In [1]:
import numpy as np
import pandas as pd
from preprocess import preprocess  # local file. restart kernel if this changed, it won't be re-imported otherwise
from sklearn.model_selection import train_test_split

## Read the first few rows during crude developing:
#train = pd.read_csv('../data/train.csv', nrows=10000).fillna(' ')  # train has 159571 comments
#test = pd.read_csv('../data/test.csv', nrows=1000).fillna(' ')

## These lines load all data:
train = pd.read_csv('../data/train.csv').fillna(' ')
test = pd.read_csv('../data/test.csv').fillna(' ')

[train, test, train_text, test_text, all_text, class_names] = preprocess(train, test)

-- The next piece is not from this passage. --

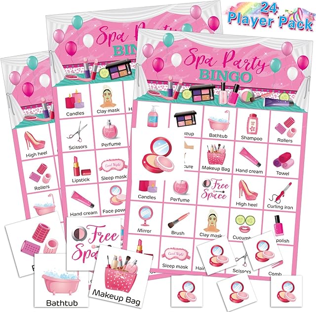 The Liliful 35 Pcs Spa Party Bingo Game 24 Players Makeup Party Bingo Cards Beauty Themed Games for Women Sleepover Spa Day Birthday Favors Family Classroom Activities Supplies(Classic)

# Remove 80% of the train set's comments that are all-ok to counter the imbalancedness a bit
#delete_idx = (train[class_names].sum(axis = 1) == 0) & (np.random.rand(len(train)) > 0.2)
#keep_idx = ~delete_idx  # elem-wise NOT for pd.Series
#train = train[keep_idx]

In [2]:
# I want a fixed 5000 observations in the test set. Adapt the fraction accordingly:
test_fraction = 5000 / len(train)

train, dev = train_test_split(train, test_size=test_fraction, random_state=42)
# Reset indices because they were shuffled and I need them from 0 to len()
train.index = list(range(len(train)))
dev.index = list(range(len(dev)))

In [3]:
# either:
#max_len_train = train['comment_text'].str.split().apply(len).max()
#max_len_test = test['comment_text'].str.split().apply(len).max()
#max_len = max(max_len_train, max_len_test)

# or:
max_len = 200  # that might work to have shorter LSTM cells

In [4]:
from keras.models import Model
from keras.layers import Dense, Input, Dropout, LSTM, GRU, Activation, Bidirectional
from keras.layers.embeddings import Embedding
from keras.preprocessing import sequence
from keras.initializers import glorot_uniform

  from ._conv import register_converters as _register_converters
Using TensorFlow backend.


In [5]:
def read_glove_vecs(glove_file):
    with open(glove_file, 'r') as f:
        words = set()
        word_to_vec_map = {}
        for line in f:
            line = line.strip().split()
            curr_word = line[0]
            words.add(curr_word)
            word_to_vec_map[curr_word] = np.array(line[1:], dtype=np.float64)
        
        i = 1
        words_to_index = {}
        index_to_words = {}
        for w in sorted(words):
            words_to_index[w] = i
            index_to_words[i] = w
            i = i + 1
    return words_to_index, index_to_words, word_to_vec_map

In [6]:
word_to_index, index_to_word, word_to_vec_map = read_glove_vecs('../data/glove.6B.50d.txt')

In [7]:
import re

def sentences_to_indices(X, word_to_index, max_len):
    """
    Converts an array of sentences (strings) into an array of indices corresponding to words in the sentences.
    The output shape should be such that it can be given to `Embedding()` (described in Figure 4). 
    
    Arguments:
    X -- array of sentences (strings), of shape (m, 1)
    word_to_index -- a dictionary containing the each word mapped to its index
    max_len -- maximum number of words in a sentence. You can assume every sentence in X is no longer than this. 
    
    Returns:
    X_indices -- array of indices corresponding to words in the sentences from X, of shape (m, max_len)
    """
    
    m = X.shape[0]

    X_indices = np.zeros((m, max_len))
    
    for i in range(m):
        
        # Convert the ith training sentence in lower case and split is into words. You get a list of words.
        sentence_words = re.sub(r"\W", " ", X[i]).lower().split()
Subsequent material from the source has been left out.